And yet this girl knew him—knew what he had been—had seen him in the depths—had looked upon the wreck of him.
Out of those depths she had dragged what remained of him—not for his own sake perhaps—not for his beaux-yeux—but to save him for the service which his country demanded of him.
She had fought for him—endured, struggled spiritually, mentally, bodily to wrench him out of the coma where drink had left him with a stunned brain and crippled will.
And now, believing in her work, trusting, confident, she had just said to him that what he told her was sufficient security for her. And on his word that all was well she had calmly composed herself for sleep as though all the dead chieftains of Isla stood on guard with naked claymores! Nothing in all his life had ever so thrilled him as this girl's confidence.

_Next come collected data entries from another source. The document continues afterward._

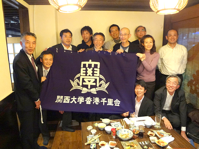 今回、校友会から贈っていただいた重みある紫紺の「関西大学香港千里会旗」を掲揚すると、香港千里会に箔がつき同窓生の士気が一気に高まりました。
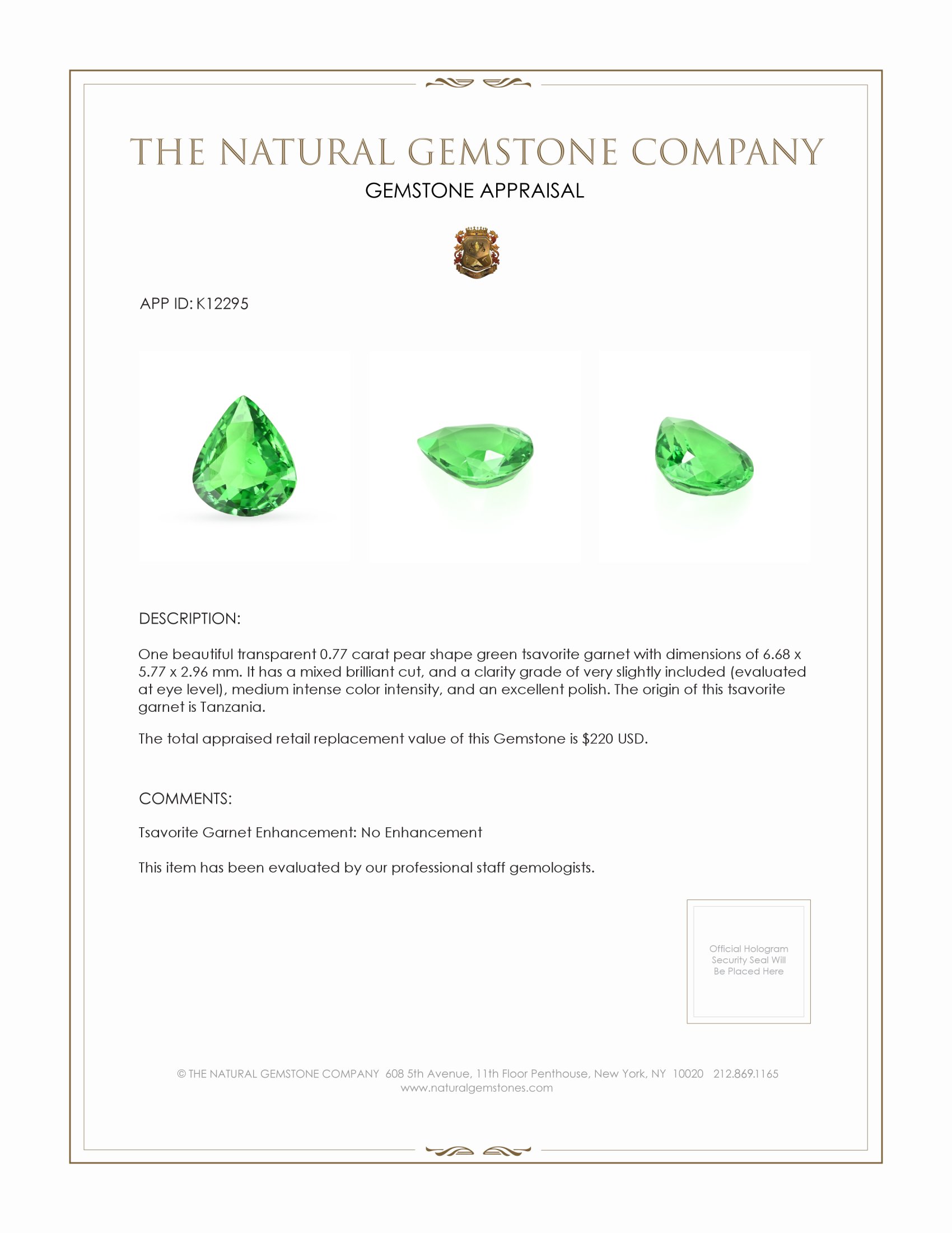 Borne from the heart of Tanzania's enchanting landscapes, this exquisite green tsavorite garnet is a testament to nature's extraordinary artistry and The Natural Gemstone Company's dedication to timeless beauty and meticulous craftsmanship. Its alluring 0.77 carat weight evokes the tender stirrings of a dream captured in stone, whispering tales of Earth’s deepest marvels in every luminous facet. Imagine this pear-shaped treasure nestled into an elegant setting, each glint and gleam mirroring the light of a distant star, transformed into a cherished heirloom passed through generations, as rich in history as it is in color.
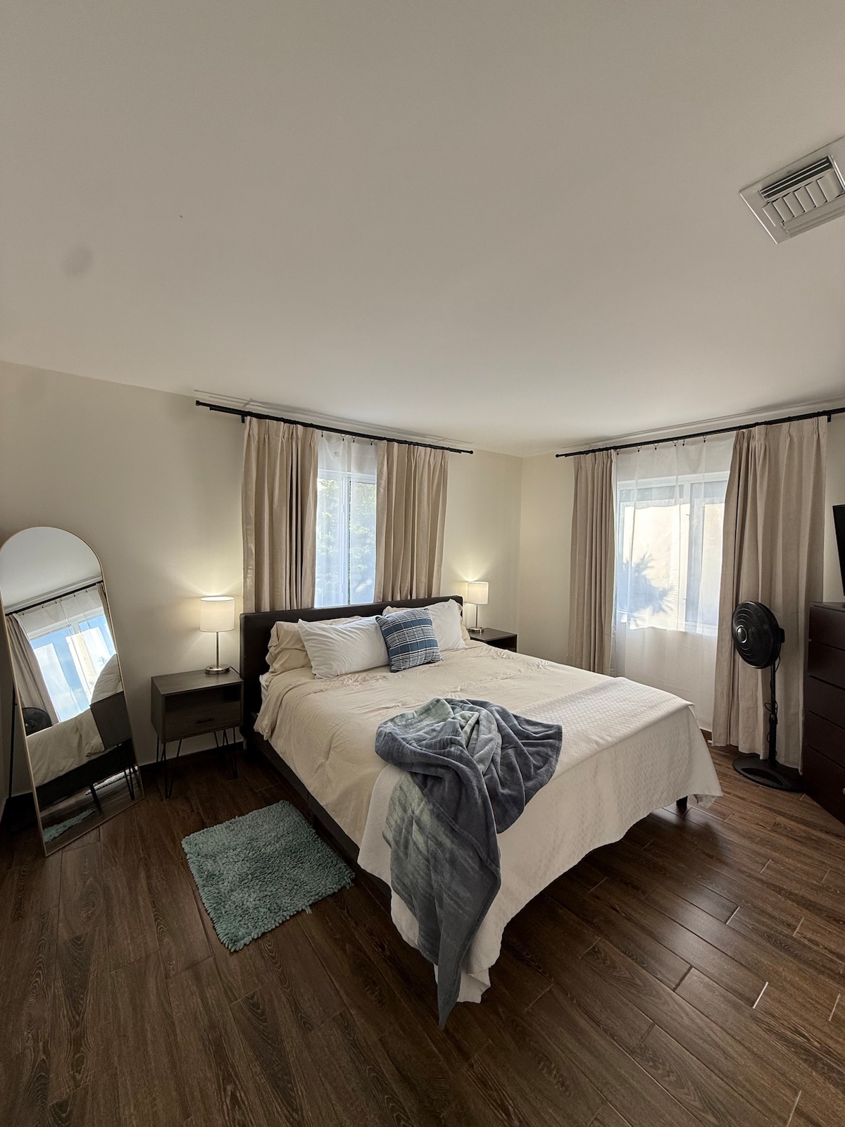 Discover the perfect blend of comfort and style. Freshly remodeled, this 1/1 retreat features a king size bed and an invigorating jet hydro shower for ultimate relaxation. Enjoy the unique flair of our hand-painted wall art. A fully equipped kitchen awaits your culinary creativity. Conveniences include recessed LED lighting dedicated work desk and onsite parking. Your stay is curated by an experienced host, dedicated to an unforgettable experience.
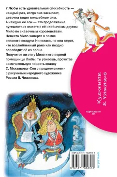 ОписаниеПовесть-сказка С. Михалкова "Сон с продолжением" - удивительная история путешествий главной героини Любы по сказочным королевствам вместе с её другом по имени Мило. Вместе они должны спасти от гибели целое государство под названием Джоконда и возлюбленную Мило - балерину Парлипа. Смелость, настойчивость и помощь преданных друзей - вот что поможет одержать победу над злом, охватившим Джоконду. Произведение подходит для внеклассного чтения в начальной школе.Для младшего школьного возраста.Повесть-сказка С. Михалкова "Сон с продолжением" - удивительная история путешествий главной героини Любы по сказочным королевствам вместе с её другом по имени Мило. Вместе они должны спасти от гибели целое государство под названием Джоконда и возлюбленную Мило - балерину Парлипа. Смелость, настойчивость и помощь преданных друзей - вот что поможет одержать победу над злом, охватившим Джоконду. Произведение подходит для внеклассного чтения в начальной школе.Для младшего школьного возраста.
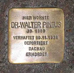 - ↑ Friedhelm Buschbeck: Dr. Walter Pintus. In: Stolpersteine-Ludwigsburg.de. Abgerufen am 5. März 2024.
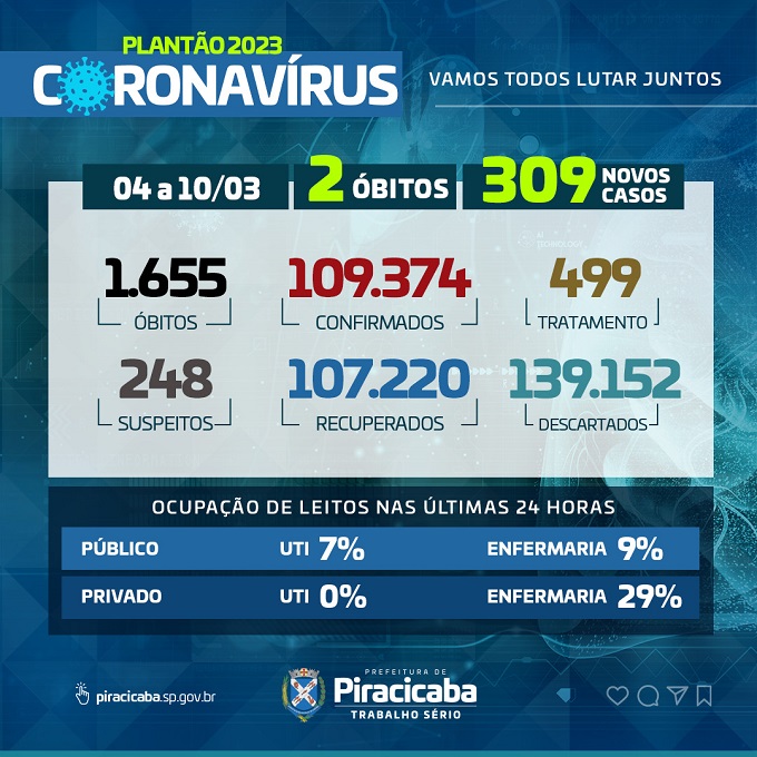 A cidade tem 309 novos casos confirmados, entre os dias 04/03 a 10/03/2023, sendo
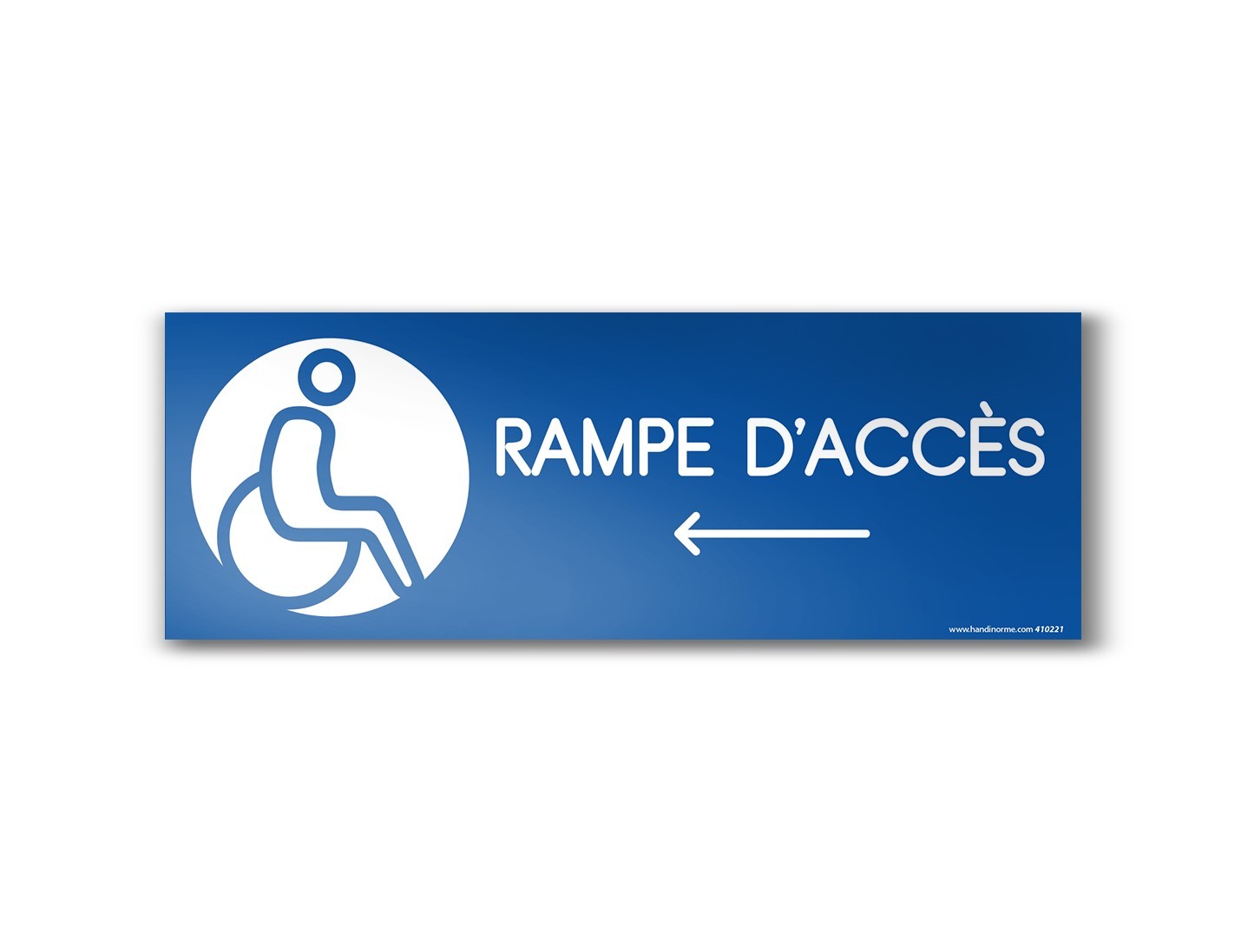 Optez pour ce Panneau Design - Rampe D'accès - Flèche Gauche + Picto Handicapé, conçu pour faciliter la visibilité des rampes d'accès destinées aux personnes en situation de handicap et à mobilité réduite (PMR). Ce panneau est parfait pour les établissements recevant du public (ERP), les parkings d'entreprise, les hôtels et autres lieux publics où l'accessibilité est primordiale.
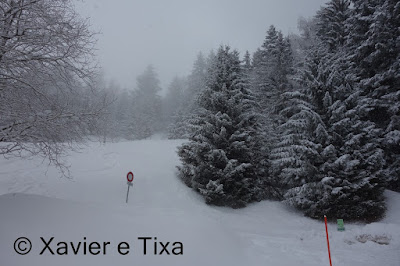 Chegado a Champeronne pensei na possibilidade de continuar para Chanso, como a visibilidade era nula decidi descer logo ali, consegui esquiar até à porta de casa, desta feita a neve estava no ponto, fez bastante frio durante a noite anterior, uma vez mais cheguei a casa com uma banana enorme no sorriso, sair de casa com os skis e poder esquiar até casa é um sonho!
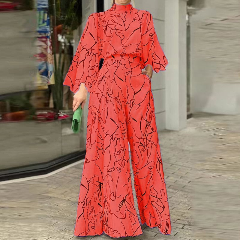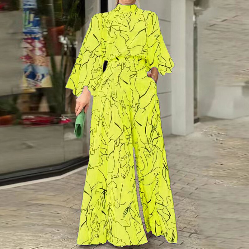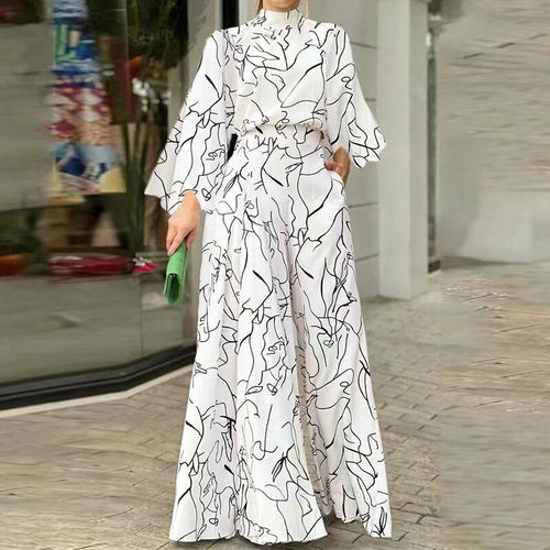 Women Trousers, Long Sleeve Graffiti Jumpsuit
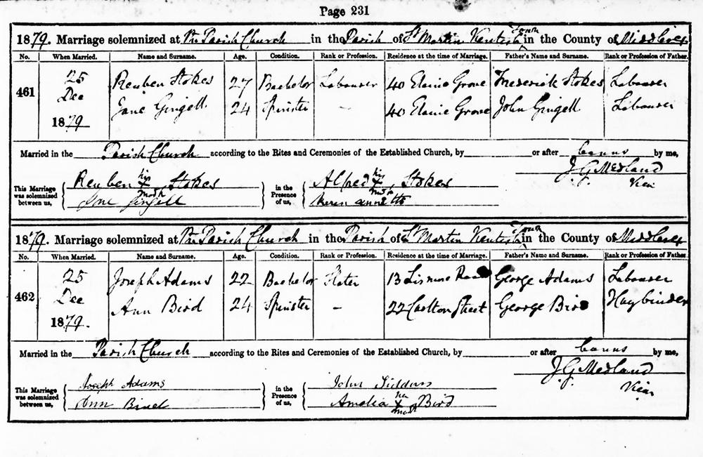 Marriage Certificate London, England, Church of England Marriages and Banns, 1754-1932 : Page 231 Entry 462 On 25 December 1879 at St Martins Parish Church, Kentish Town Joseph ADAMS : age 22 a Single person of 13, Lissimore Road, Kentish Town, Middlesex a Slater married Ann BIRD age 0024 a Single person of 13, Lissimore Road, Kentish Town, Middlesex a Slater in the presence of John SIDDONS and Amelia BIRD : The Husbands Father is George ADAMS : shown as a Labourer : The Wifes Father is George ADAMS is shown as a Labourer
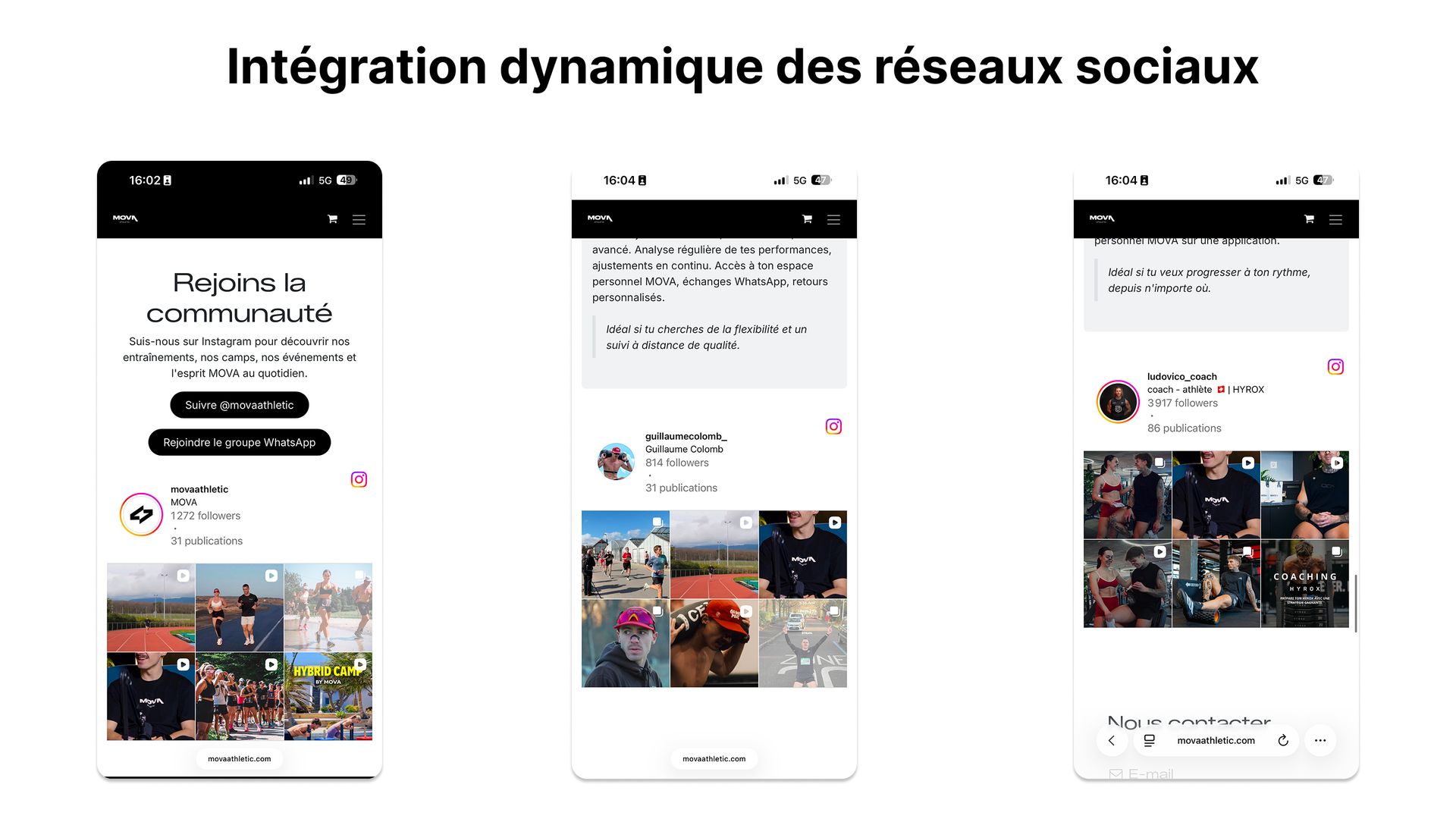 - Intégration dynamique des flux Instagram des trois coachs directement sur le site

And, as he entered his room, he knew that within him the accursed thing that had been, lay dead forever.
He was standing in the walled garden switching a limber trout-rod when Miss Erith came upon him next morning,—a tall straight young man in his kilts, supple and elegant as the lancewood rod he was testing.
Conscious of a presence behind him he turned, came toward her in the sunlight, the sun crisping his short hair. And in his pleasant level eyes the girl saw what had happened—what she had wrought—that this young man had come into his own again—into his right mind and his manhood—and that he had resumed his place among his fellow men and peers.
He greeted her seriously, almost formally; and the girl, excited and a little upset by the sudden realisation of his victory and hers, laughed when he called her "Miss Erith."
"You called me Yellow-hair last night," she said. "I called you Kay.
Don't you want it so?"
"Yes," he said reddening, understanding that it was her final recognition of a man who had definitely "come back."